# EXERCISE GOAL:
Only the pictures are to be left out; write out the rest of the data exactly.

_____

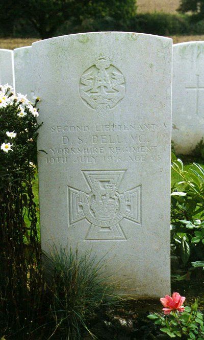 Donald Simpson Bell's gravestone at Gordon Dump Cemetery in Ovillers-la-Boisselle, near Albert in Northern France. Most war graves have a cross engraved under the name dedication, but Donald's shows the Victoria Cross instead.
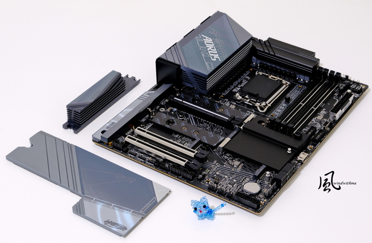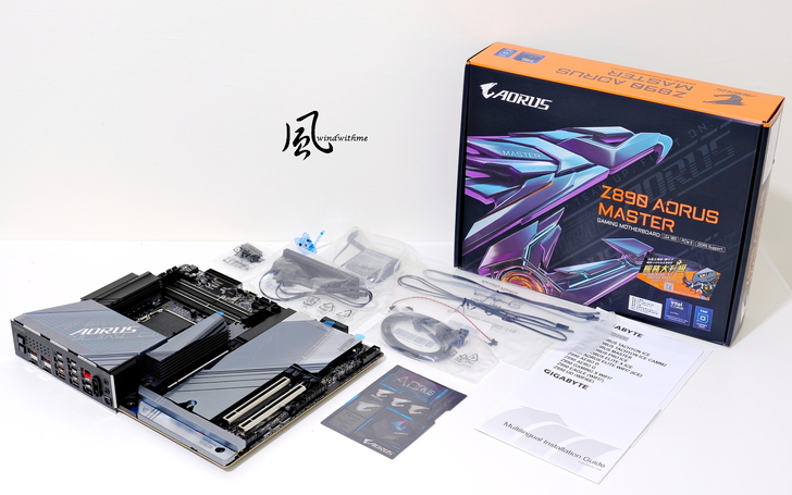 這代Z890 AORUS MASTER同樣定位為高階Z890市場,採用8層板PCB、2倍銅技術,照片中為開箱後主機板、外盒、配件全貌。
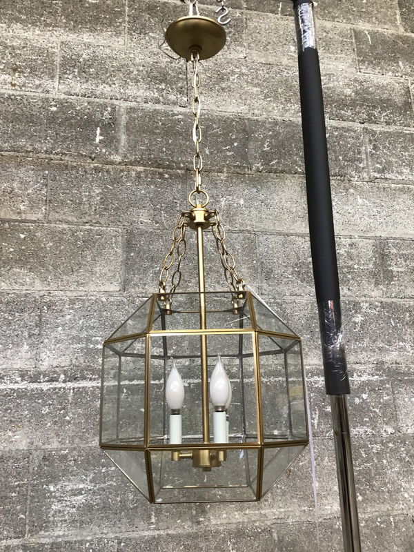 This Morrison ceiling light by Visual Comfort features a geometric lantern with a satin brass finish and clear glass panes suspended from a tapered chain. This is clean as can be and seems to have only been briefly installed prior to coming here. Suitable for damp locations.
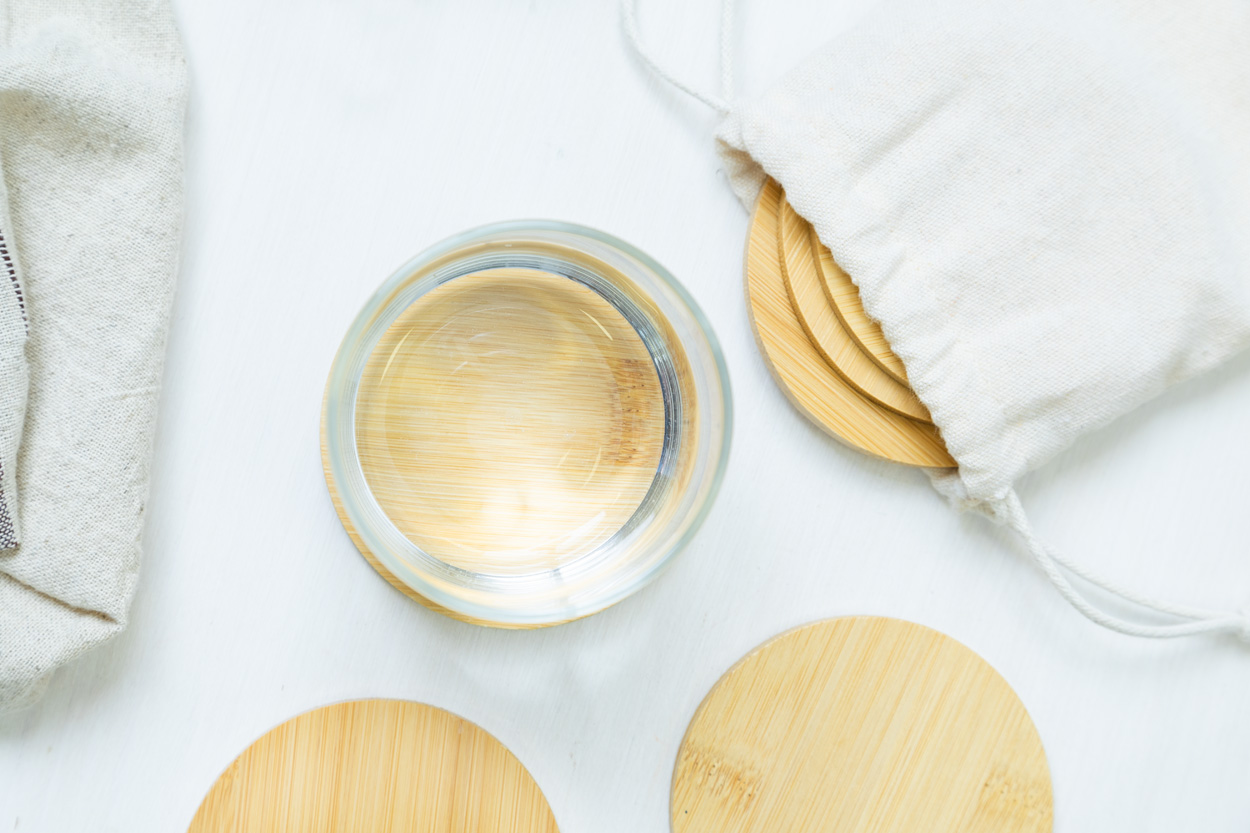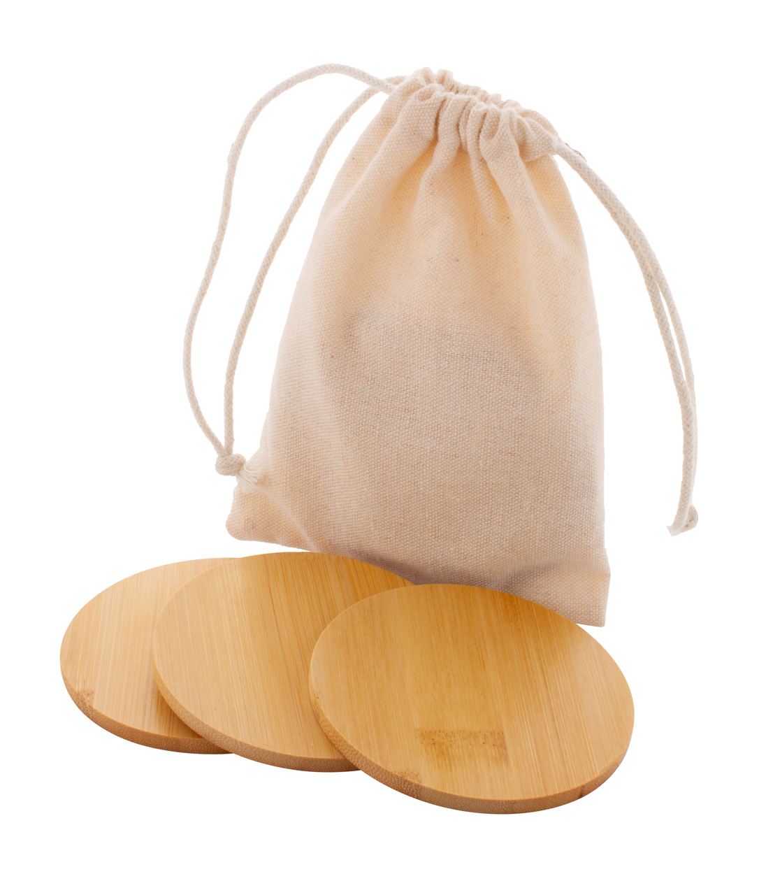 6dílná sada kulatých bambusových podtácků v bavlněném pytlíku se stahovací šňůrkou.
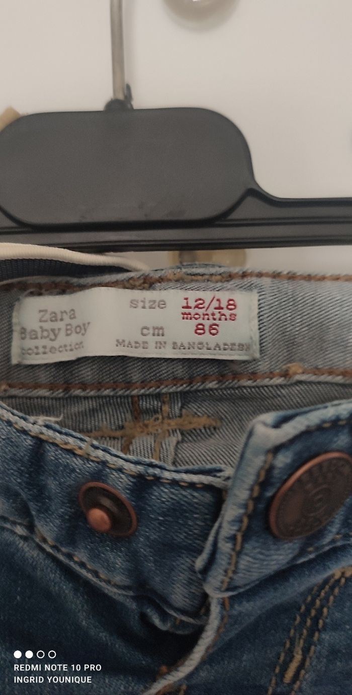 Jeans bleu avec bretelles Zara taille 12-18 mois - photo numéro 1
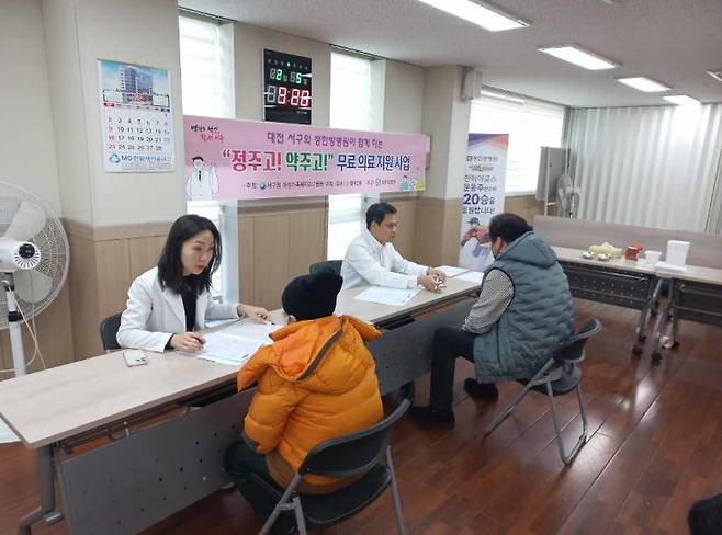 특히 거동이 불편하여 병원에 내원하기 힘든 저소득층을 위해 의사가 5개 동(용문, 괴정, 갈마1·2동, 월평2동) 행정복지센터를 직접 방문하여 진료함으로써 저소득층 100명에게 5회에 걸쳐 무료로 양방 및 한방 서비스(침 치료, 뜸, 건강 상담 등)를 제공하며 근골격계 환자(척추, 관절) 등 재활이 필요한 대상을 중점적으로 담당한다.
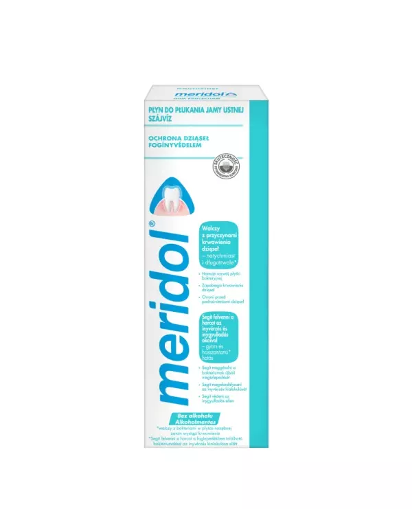 Klinicznie udowodnione: do 68% mniej gromadzenia się płytki nazębnej dzięki płukaniu jamy ustnej produktem meridol®. (W porównaniu do stosowania wyłącznie pasty do zębów z fluorem 1400 ppmF. Hamad CA, et al. Badania prezentowane podczas EuroPerio 2015.), Pomaga walczyć z przyczynami zapalenia dziąseł., Pomaga walczyć z krawieniem dziąseł., Antybakteryjne składniki dla zdrowszych dziąseł., Ochrona i redukcja bakterii na linii dziąseł., Delikatność balsamu i skuteczna walka z płytką nazębną., Bez alkoholu., Skuteczność potwierdzona klinicznie.
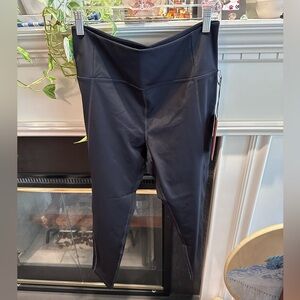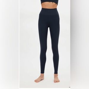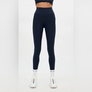 High-waisted navy leggings. Sleek and comfortable design. Perfect for workouts or casual wear.
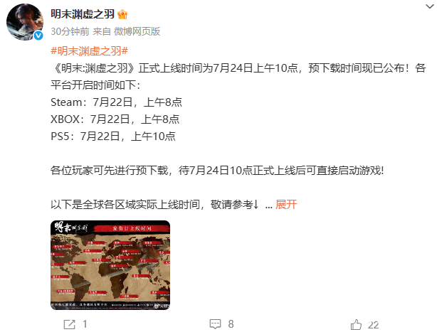 7月21日消息,国产魂系角色扮演游戏《明末:渊虚之羽》官方微博发文称,该游戏将于7月24日上午10点正式上线,同时也公布了7月22日为预下载时间。
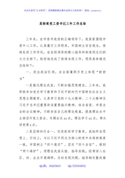 / 某街道党工委书记三年工作总结
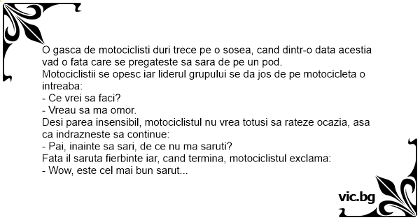 - Pai, inainte sa sari, de ce nu ma saruti?

_____

# EXERCISE ANSWER:
 Donald Simpson Bell's gravestone at Gordon Dump Cemetery in Ovillers-la-Boisselle, near Albert in Northern France. Most war graves have a cross engraved under the name dedication, but Donald's shows the Victoria Cross instead.
 這代Z890 AORUS MASTER同樣定位為高階Z890市場,採用8層板PCB、2倍銅技術,照片中為開箱後主機板、外盒、配件全貌。
 This Morrison ceiling light by Visual Comfort features a geometric lantern with a satin brass finish and clear glass panes suspended from a tapered chain. This is clean as can be and seems to have only been briefly installed prior to coming here. Suitable for damp locations.
 6dílná sada kulatých bambusových podtácků v bavlněném pytlíku se stahovací šňůrkou.
 Jeans bleu avec bretelles Zara taille 12-18 mois - photo numéro 1
 특히 거동이 불편하여 병원에 내원하기 힘든 저소득층을 위해 의사가 5개 동(용문, 괴정, 갈마1·2동, 월평2동) 행정복지센터를 직접 방문하여 진료함으로써 저소득층 100명에게 5회에 걸쳐 무료로 양방 및 한방 서비스(침 치료, 뜸, 건강 상담 등)를 제공하며 근골격계 환자(척추, 관절) 등 재활이 필요한 대상을 중점적으로 담당한다.
 Klinicznie udowodnione: do 68% mniej gromadzenia się płytki nazębnej dzięki płukaniu jamy ustnej produktem meridol®. (W porównaniu do stosowania wyłącznie pasty do zębów z fluorem 1400 ppmF. Hamad CA, et al. Badania prezentowane podczas EuroPerio 2015.), Pomaga walczyć z przyczynami zapalenia dziąseł., Pomaga walczyć z krawieniem dziąseł., Antybakteryjne składniki dla zdrowszych dziąseł., Ochrona i redukcja bakterii na linii dziąseł., Delikatność balsamu i skuteczna walka z płytką nazębną., Bez alkoholu., Skuteczność potwierdzona klinicznie.
 High-waisted navy leggings. Sleek and comfortable design. Perfect for workouts or casual wear.
 7月21日消息,国产魂系角色扮演游戏《明末:渊虚之羽》官方微博发文称,该游戏将于7月24日上午10点正式上线,同时也公布了7月22日为预下载时间。
 / 某街道党工委书记三年工作总结
 - Pai, inainte sa sari, de ce nu ma saruti?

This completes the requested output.